La station de dessalement de Chtouka Aït Baha est entrée en production en janvier 2022. Sa capacité de production est de 275.000 mètres cubes par jour dont 125.000 mètres cubes par jour destiné à l’irrigation et permet d’irriguer 15.000 hectares. Les travaux ont inclus la construction d’installations maritimes ainsi qu’une station de dessalement et des infrastructures d’irrigation, comme un réservoir de stockage, 5 stations de pompage et un réseau de distribution d’eau sur 489 kilomètres.

Face à l’évolution des conditions hydriques de la région, il a été décidé d’élargir la capacité de la station à 400.000 mètres cubes par jour d’ici 2026. Cette extension comprendra une production quotidienne de 200.000 mètres cubes pour l’eau potable et 200.000 mètres cubes pour l’irrigation.

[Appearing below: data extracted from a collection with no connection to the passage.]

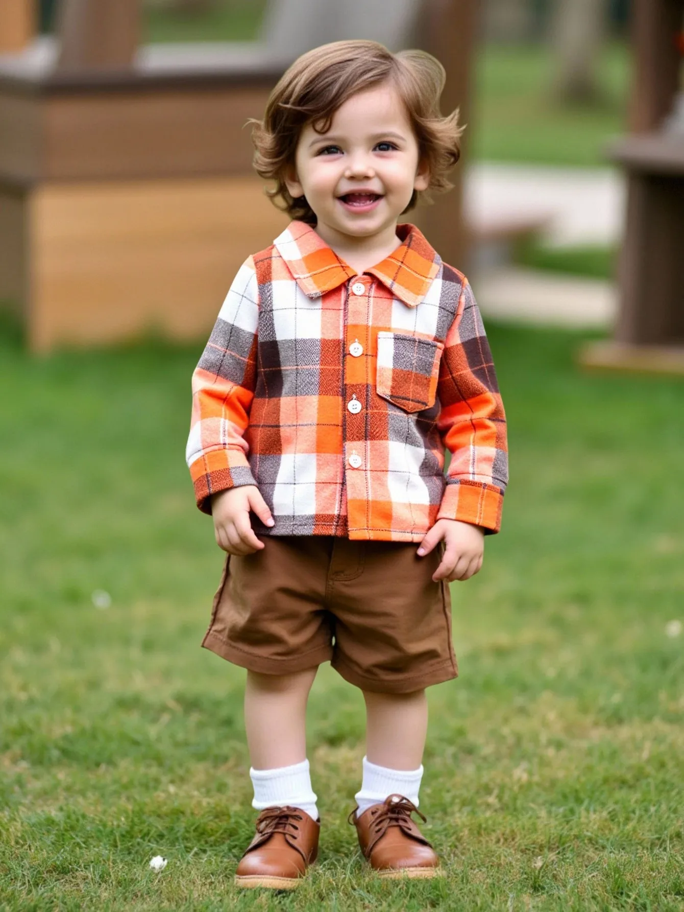 Pezzo unico di camicia a maniche lunghe con bottoni aperti sul davanti e colletto scozzese casual alla moda per neonato (plaid casuale) autunno
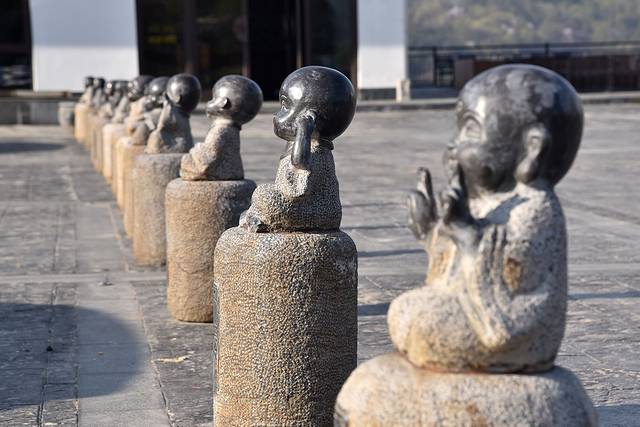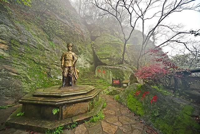 云雾山有恐龙谷、蜡像馆、竹林寺等众多景点,山下的泥人王村是非遗项目黄陂泥塑的传承地。黄陂泥塑已有千年历史,最早可追溯到唐代,素有“北有泥人张,南有泥人王”之美誉。2013年,黄陂泥塑被确定为省级文化遗产名录,作为重点民间技艺加以保护。村里房子围墙都是用石板石条交错嵌压而成,大小间压、层叠相衬、彼此牵扯,听说这是当地独特的一项建筑手法“木庐干砌”。
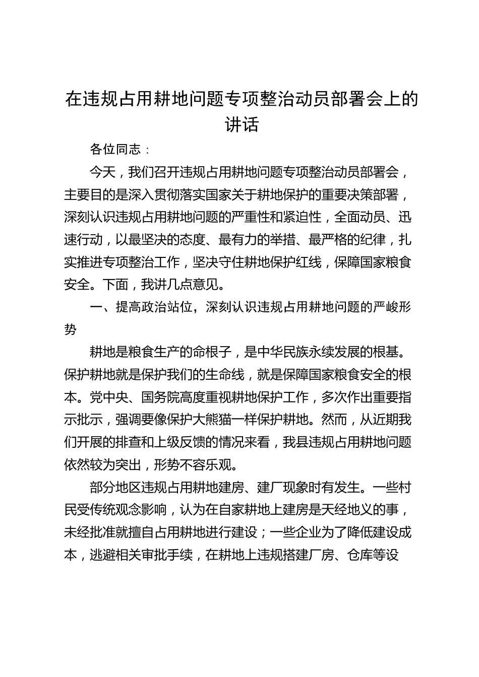 在違規(guī)占用耕地問題專項整治動員部署會上的講話各位同志:今天,我們召開違規(guī)占用耕地問題專項整治動員部署會,主要目的是深入貫徹落實國家關于耕地保護的重要決策部署,深刻認識違規(guī)占用耕地問題的嚴重性和緊迫性,全面動員、迅速行動,以最堅決的態(tài)度、最有力的舉措、最嚴格的紀律,扎實推進專項整治工作,堅決守住耕地保護紅線,保障國家糧食安全。下面,我講幾點意見。一、提高政治站位,深刻認識違規(guī)占用耕地問題的嚴峻形勢耕地是糧食生產的命根子,是中華民族永續(xù)發(fā)展的根基。保護耕地就是保護我們的生命線,就是保障國家糧食安全的根本。黨中央、國務院高度重視耕...

- Où en est le programme d’aménagement hydro-agricole associé aux nouveaux barrages, couvrant 72.500 hectares sur 6 périmètres d’irrigation ? 

- Le programme d’aménagement hydro-agricole associé aux barrages vise la valorisation des ressources en eau mobilisées par les barrages et la mise en valeur de nouveaux périmètres irrigués pour intensifier la mise en valeur agricole. Depuis le démarrage de ce programme, les réalisations sont comme suit :

- Les aménagements portant sur une superficie de 8.100 ha sont achevés (projets moyen Sebou et Kaddoussa) ;

- Les aménagements portant sur une superficie de 12.600 ha (1ère tranche du projet Saïss et 2e tranche du moyen Sebou) sont en voie d’achèvement ;

- Les aménagements portant sur une superficie de 20.000 ha (2e tranche du projet Saïss) sont en cours de réalisation ;

- Les aménagements concernant deux grands projets sont en cours de démarrage des travaux, notamment dans le Gharb (30.000 ha) et Ouljat Essoltane (1.800 ha).

Ahmed El Bouari est directeur de l’Irrigation et de l’Aménagement de l’espace agricole (DIAEA) au ministère de l’Agriculture, de la pêche maritime, du développement rural et des eaux et forêts, depuis 2013.

Né en 1964 à Ouezzane, M. El Bouari a débuté sa carrière professionnelle en tant qu’ingénieur du génie rural. Il a conduit des projets d’envergure dans le domaine de l’eau et de l’irrigation. Il a contribué à l’élaboration et à la mise en œuvre des politiques nationales de l’irrigation, de l’eau et des aménagements fonciers.

En outre, il est actuellement président de l’Association des ingénieurs du génie rural du Maroc (AIGR) et président du Réseau marocain interprofessionnel de l’irrigation (REMIG). Il est également membre de l’association internationale "Echanges méditerranéens pour l’eau, la forêt et le développement" dont le siège est à Paris.

Il assure enfin la vice-présidence de la Commission internationale de l’irrigation et du drainage (CIID) en reconnaissance de ses contributions dans ce secteur.